Ellos no tenían ejército, ni bancos internacionales, ni misiles con nombre propio. Tenían piedras, túneles, y una terquedad que les venía en los huesos desde generaciones de despojo. Y también tenían miedo, claro. Pero eso nunca salía en las noticias, porque el miedo de los pobres no es trending topic.
Ellos crecieron bajo drones que zumbaban como mosquitos con sed de pólvora. Aprendieron a distinguir entre el sonido de un F-16 y el de una nevera vieja. Su infancia olía a polvo, sudor y promesas rotas. Los llamaban “escudos humanos” mientras sus casas se volvían escombros con Wi-Fi.

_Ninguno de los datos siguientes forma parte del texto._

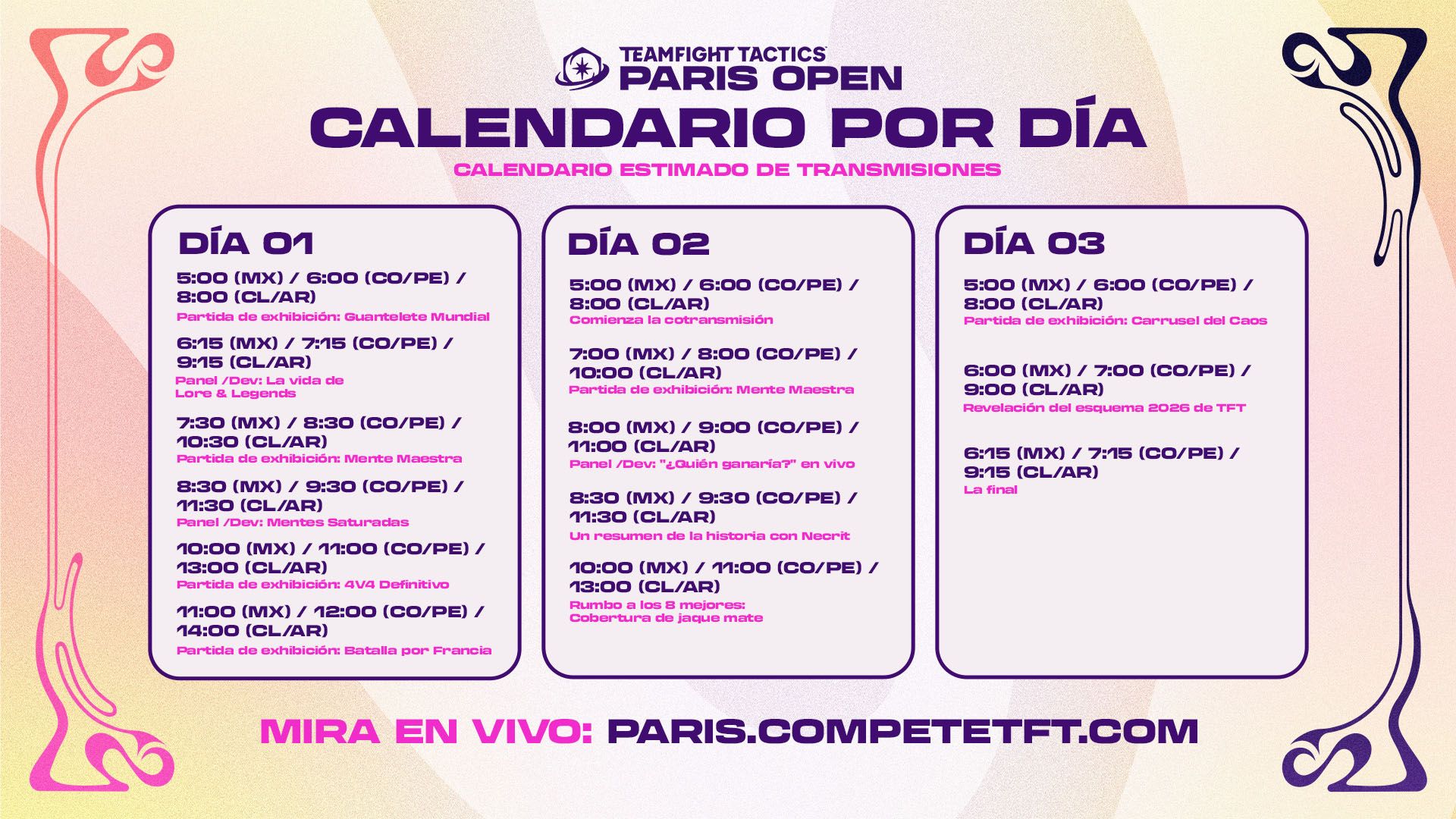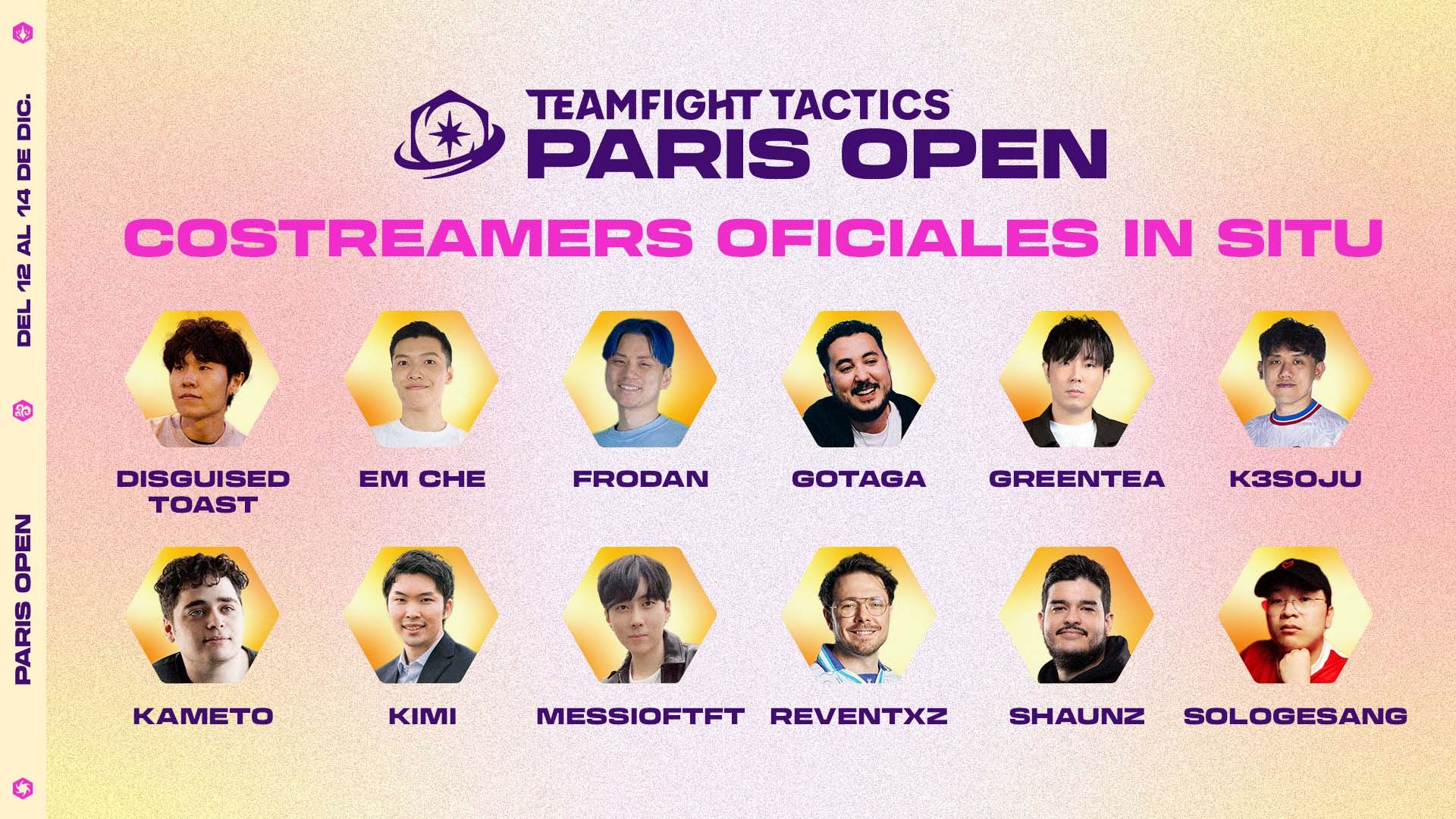 ¡Sintonícennos entre el 12 al 14 de diciembre para ver el TFT Paris Open! Abajo verán más detalles sobre el calendario de la transmisión.

Los otros —los que lanzaban desde lejos— decían que todo era en defensa propia. Que era una guerra limpia. Como si una guerra alguna vez pudiera ser limpia. Como si los cuerpos pequeños en bolsas blancas fueran daño colateral y no evidencia brutal de un sistema podrido que ya ni se disfraza.
Mientras tanto, ustedes —sí, ustedes— miraban desde la comodidad de su sofá, haciendo zapping moral entre un bombardeo y una serie de Netflix. Algunos lloraban. Otros compartían hashtags. La mayoría hacía scroll.
Y nadie se preguntaba qué tan jodido tiene que estar el mundo para que los niños empiecen a entender de geopolítica antes de aprender a escribir su nombre.
Un día, los que lloraban sangre dejaron de llorar. Porque ya no quedaban lágrimas, ni redes eléctricas, ni esperanzas. Pero dejaron escrito algo en las paredes rotas, con carbón y rabia: “La historia no se cuenta sola. La escriben los que resisten.”
Y esa frase —esa maldita y poderosa frase— todavía arde entre los cascotes, esperando que algún día alguien tenga los cojones de leerla sin mirar para otro lado.